One possible embodiment of this invention is presented as a system or method of allowing high-speed sailboats using hydrofoils to exceed the speed of conventional non-cavitating hydrofoils.

This embodiment intentionally allows the surface air to be sucked down and delaminate the flow of water on the low pressure surface of a hydrofoil, with the high pressure surface having sufficient angle of attack to provide enough hydrodynamic lift to support and raise the hull of the sailboat above the surface of the water.

A deflector flange may also be used at the leading edge on the low pressure side to encourage introduction of gas at low speed or at a low angle of attack. This deflector flange also permits a more reliable and predictable void allowing the blade to be operated within a wider range of attack angles.

A gas passage may also be used to supply gas to a submerged low pressure surface through a gas port in close proximity to the leading edge of the low pressure surface.

To assist in lifting or thrusting at low speeds, an embodiment may have part of the blade or blades shaped as a conventional non-ventilating hydrofoil, and the angle of attack may be variable.

With any embodiment, the blade or blades may be flexible to account for an uneven surface of the liquid, such as waves or swell. As with current foiling sailboats, the blades may also be independently retractable, having the ability to be lifted out of the water, by being hinged or using any type of sliding mechanism.

Another embodiment of this invention is presented where this type of blade allows high-speed watercraft to exceed the speed where cavitation of conventional NACA hydrofoils is reached.
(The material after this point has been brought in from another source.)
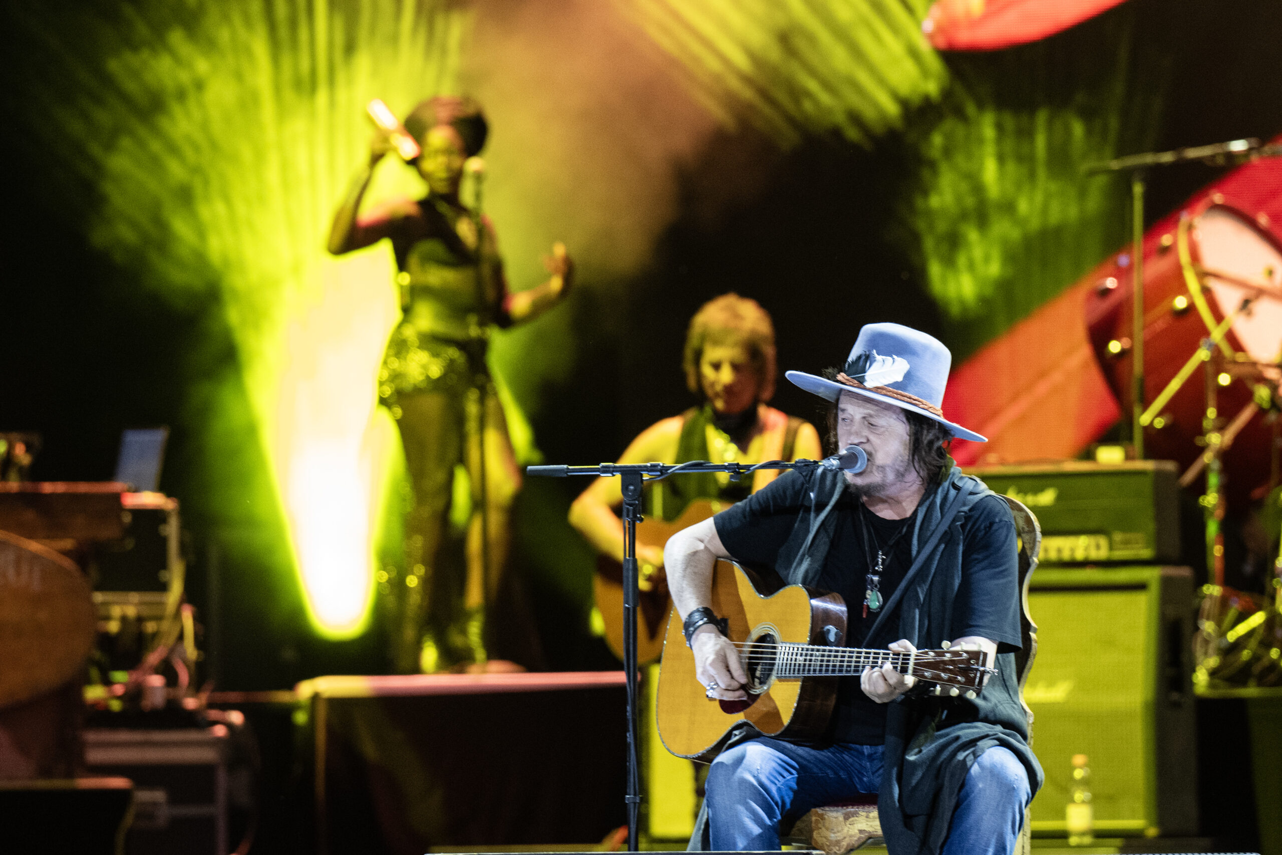 Das rockig-popige kraftvolle „Baila“ versetzt den Innenraum in rhythmische Wallung, seine Spielfreude greift sozusagen auf das Publikum um. Zwischendurch sitzt Zucchero mit Klampfe im Arm wie ein nachdenklicher Maestro auf einem goldenen Stuhl am vorderen Bühnenende. Er spricht mit dem Publikum, teils auf Englisch, mit ironischem Charme: „I keep singing in Italy“, sagt er augenzwinkernd. Als ein Mitschnitt von Luciano Pavarotti zu „Miserere“ eingespielt wird, liegt eine besonders emotionale Stimmung über dem proppevollen Platz. Es wird leise. Bewegte Gesichter, sogar die ein oder andere Träne kullert. Danach eine Pause für ihn – überbrückt mit einem Tina Turner-Cover von „Night Bush City Limits“, bei dem seine Band glänzen darf. Gerade seine Gesangspartnerin Oma Jali liefert hier ein energiegeladenes Bit ab, wie man weder erwartete oder vorausahnen konnte. Ganz ohne den Altmeister ein Highlight der Show.
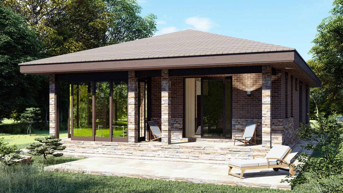 БОРГО 124 м2 - проект современного одноэтажного дома 11х18 с тремя спальнями, из поризованного камня и кирпича.

A further embodiment is a method of introducing a gas, such as exhaust gas or surface air, to the front or low pressure surface of a marine propeller, reducing or totally eliminating cavitation and the sudden loss of thrust incidental to surface venting.

This embodiment may have the gas supplied to the leading edge of the blades through gas ports connected to gas passages that pass through the propeller shaft and/or the hub and blades or alternatively it may be supplied to a gas port that is fixed to the watercraft and the leading edges of the blades pass in close proximity to this gas port, drawing the gas directly onto the low pressure surface of the blade. This gas port may also be in any suitable shape. A further embodiment may have the gas vented through part of a strut that supports a cutlass bearing, with a gas port directly in front of the leading edges of the propeller. The gas port may also be shaped to correspond directly to the shape of the leading edge of the propeller. This embodiment greatly improves over a surface piercing propellers or partial submerged propellers (PSPs) because it benefits from replacing cavitation with ventilation while being fully submerged thus eliminating the variable and unpredictable performance caused by wave or swell action on the surface. As with other embodiments of this invention, the angle of attack of the blades may be variable.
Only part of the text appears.